In a cruel twist, workers have regularly been at the forefront of destabilising patterns of restructuring, off-shoring and creative destruction while policies that used to prevent or ameliorate these have been unwound and or placed out of reach. And while migration policy is an increasingly controversial subject within the west, the reality that often-significant increases in migration have favoured the interests of capital – propelling stagnant growth and keeping a lid on wages, for example – is something progressive forces won’t touch.
While workers have frequently been relative initial beneficiaries in market-opening processes (China is a particularly emblematic case in point but is not alone), the reality of late liberalism is considerably more complicated. Pivotal here has been a lack of representation and responsiveness amidst grand challenges associated with inequality, precarious employment, the endless restructuring of production, the rise of service economies, and cost of living crises, not to mention new forms of creative destruction including artificial intelligence (AI), robotics and automation.
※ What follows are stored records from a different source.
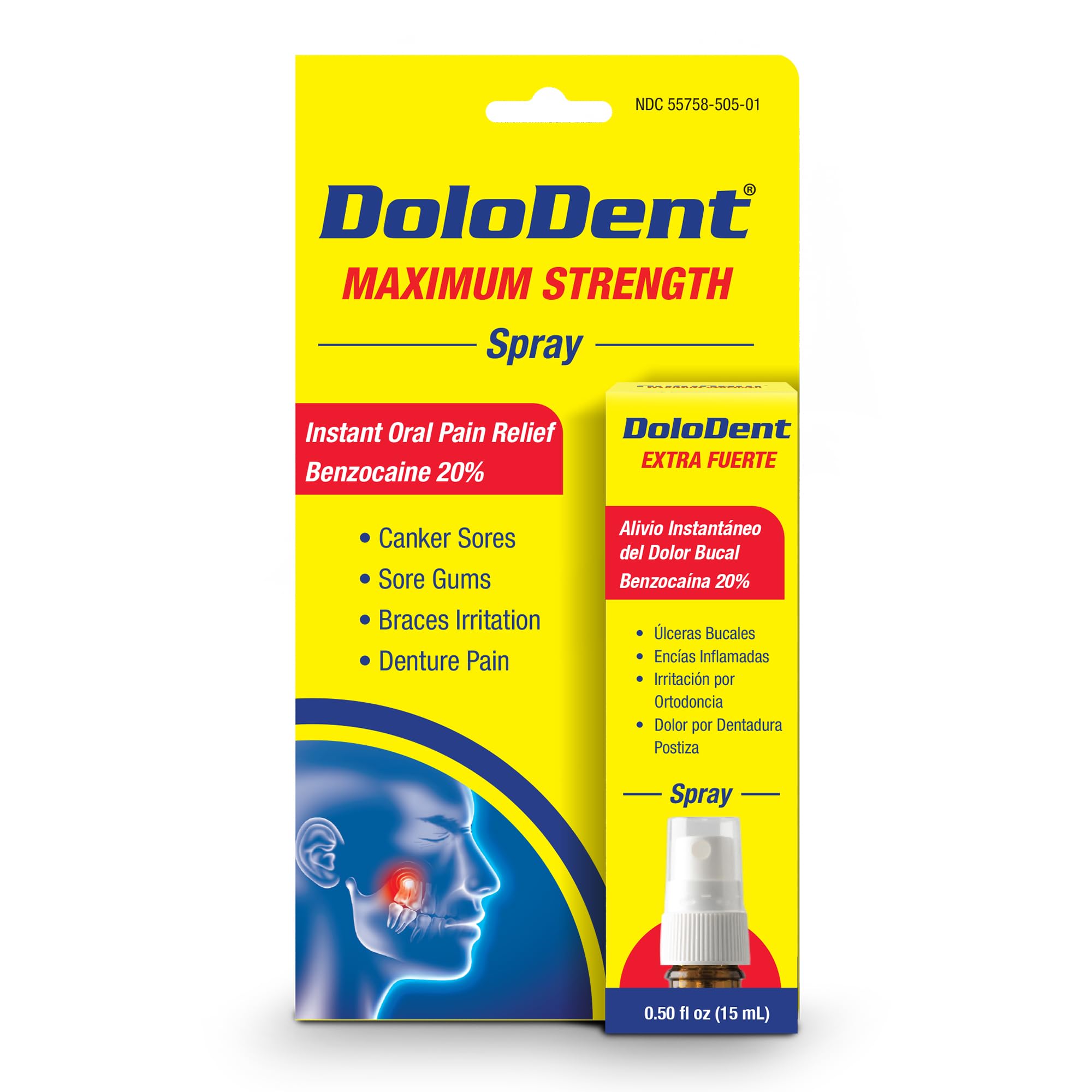 DOLODENT Maximum Strength Oral Pain Relief Spray, 0.5 fl oz - 20% Benzocaine Mouth Spray - Fast Pain Relief for Mouth Sores, Sore Gums, Braces & Denture Irritation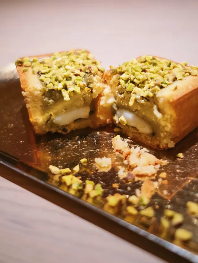 撻皮焗熱後香脆而鬆化,不算很重牛油香很heavy的那種;面層有大量開心果碎和稠滑的開心果醬、中層是順滑的開心果X蛋吉士餡、底層是軟糯的麻糬,整體也不錯👌🏻不過冇想像中咁濃開心果味,也不會很甜,吃完也不怕太膩(˶ᴗˬᴗ˶)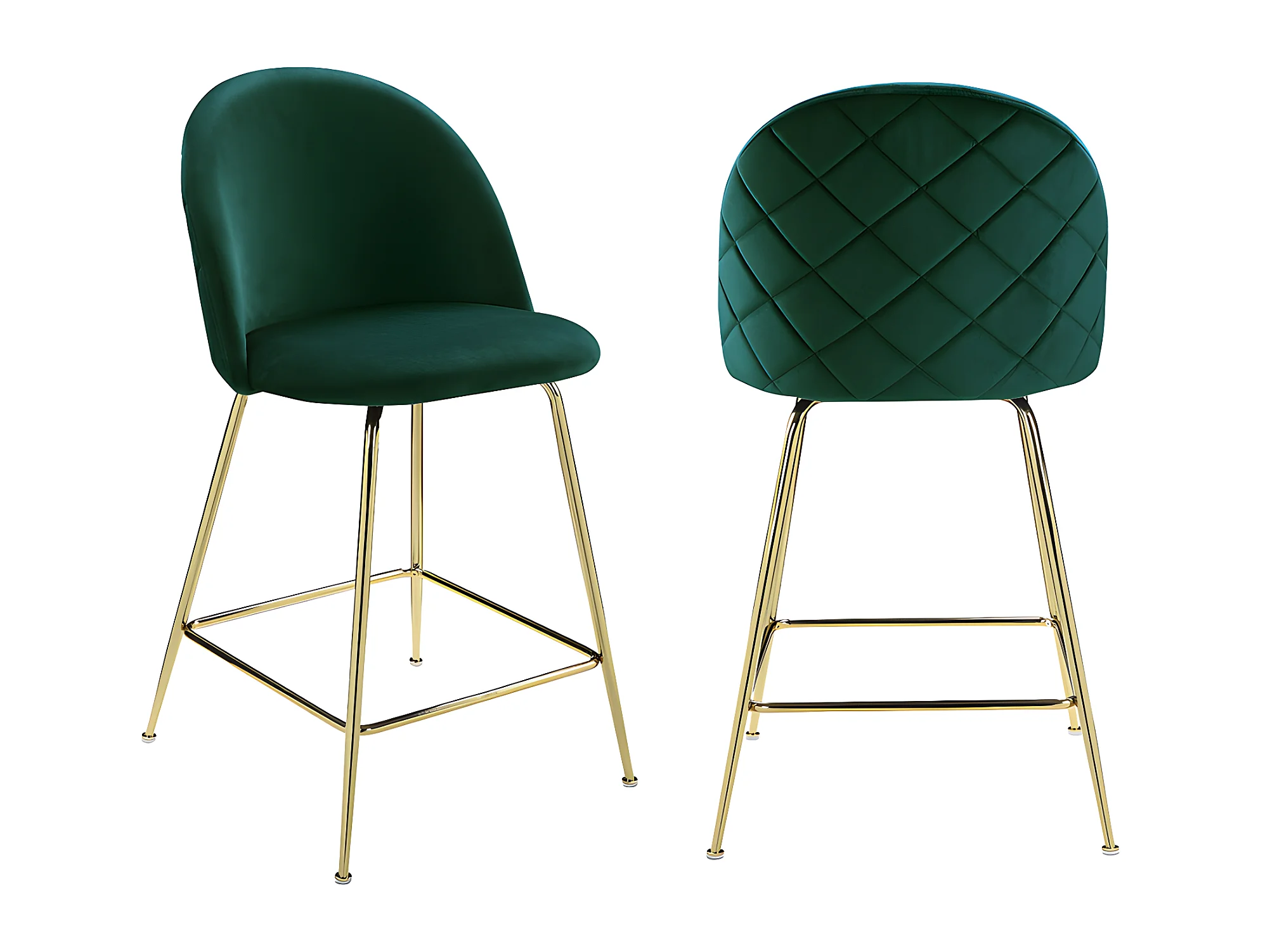 Sæt med 2 barstole i velour og forgyldt rustfrit stål - Grøn - MELBOURNE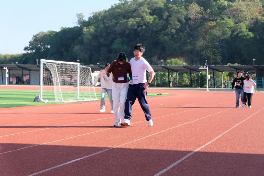 “一二、一二”的整齐口号响彻赛道,相邻脚踝紧紧相连的搭档,从步履蹒跚到同步冲刺。有人放慢脚步迁就队友,有人伸手稳住失衡的搭档,冲线时的气喘大笑与击掌雀跃,让情谊随阳光一同升温。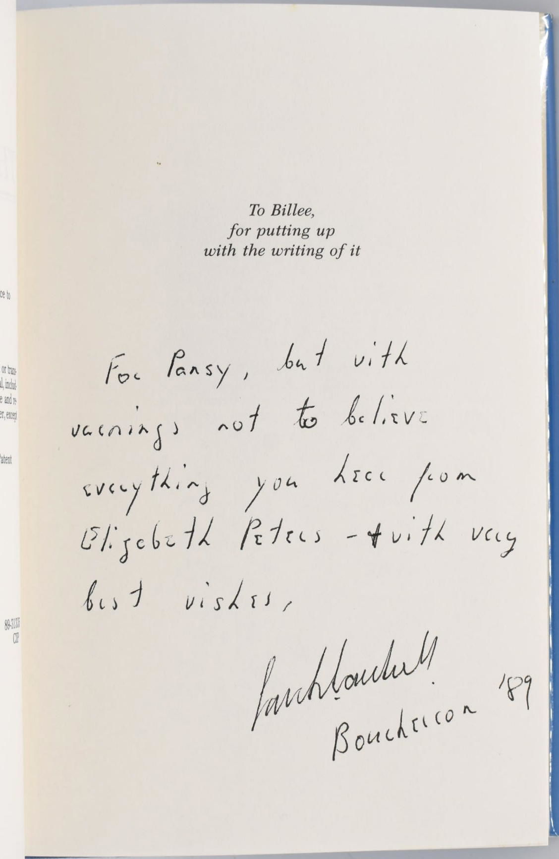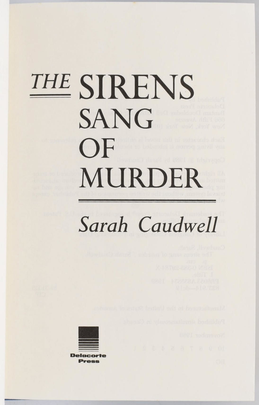 New York: Delacorte Press, 1989. First Edition. Hard Cover. Very Good binding/Very Good dust jacket. Signed. 8vo.; in pale blue paper-covered boards, backed in blue cloth, with dustjacket; 276 pages; the jacket has not been price-clipped.~~From the library of the late novelist Alexandra Ripley; with a wonderful inscription from Caudwell: "FOR PANSY, BUT WITH WARNINGS NOT TO BELIEVE EVERYTHING YOU HEAR FROM ELIZABETH PETERS - & WITH VERY BEST WISHES, SARAH CAUDWELL, BOUCHERCON 1989". "Pansy" is an "in-joke" between them -- it is the name Ripley gave to Scarlett's maid in Ripley's sequel to Gone With the Wind, Scarlett. Ripley and Caudwell must have been at the Bouchercon Mystery Awards together in Philadelphia in 1989. Caudwell's book, "The Sirens Sang of Murder" was the Bouchercon winner the next year in London. ~~A very nice association, with the reference to their mutual and good friend, Elizabeth Peters. Very Good binding / Very Good dust jacket.

The hollowing out of middle classes in South Korea (which even the OECD pulled up for inequality), the unemployed though well-educated “lying flat” youth in China, the left behind in America’s rust belt, together with the general emergence of both precariousness and vast surplus populations, are all products to differing degrees of the structures and policies attending late liberalism and capitalist development detailed above.
Toll booths set alight during large-scale unrest in Hong Kong, 2019
Given the upending of state and society in the interests of powerful economic players over the last 40 plus years, the question perhaps shouldn’t be why it feels like we are living in such unsettling times but rather why we don’t observe even more chaos.
To be sure, the likelihood of even more tumult and conflict is very real, with ever-intensifying contradictions within national contexts ripe for the further emboldening of far-right economic nationalists who also face intense challenges up against the reorganisation of production in their efforts to make anywhere great again.
Of course, rather than identifying and tackling the deep contradictions within their own approaches, historically these protagonists have been experts at creating internal and external enemies for people to rally around. In the absence of organised progressive forces their onward march only becomes easier.
Toby Carroll is Adjunct Professor at Murdoch University in the School of Humanities and Social Sciences and at the University of Macau.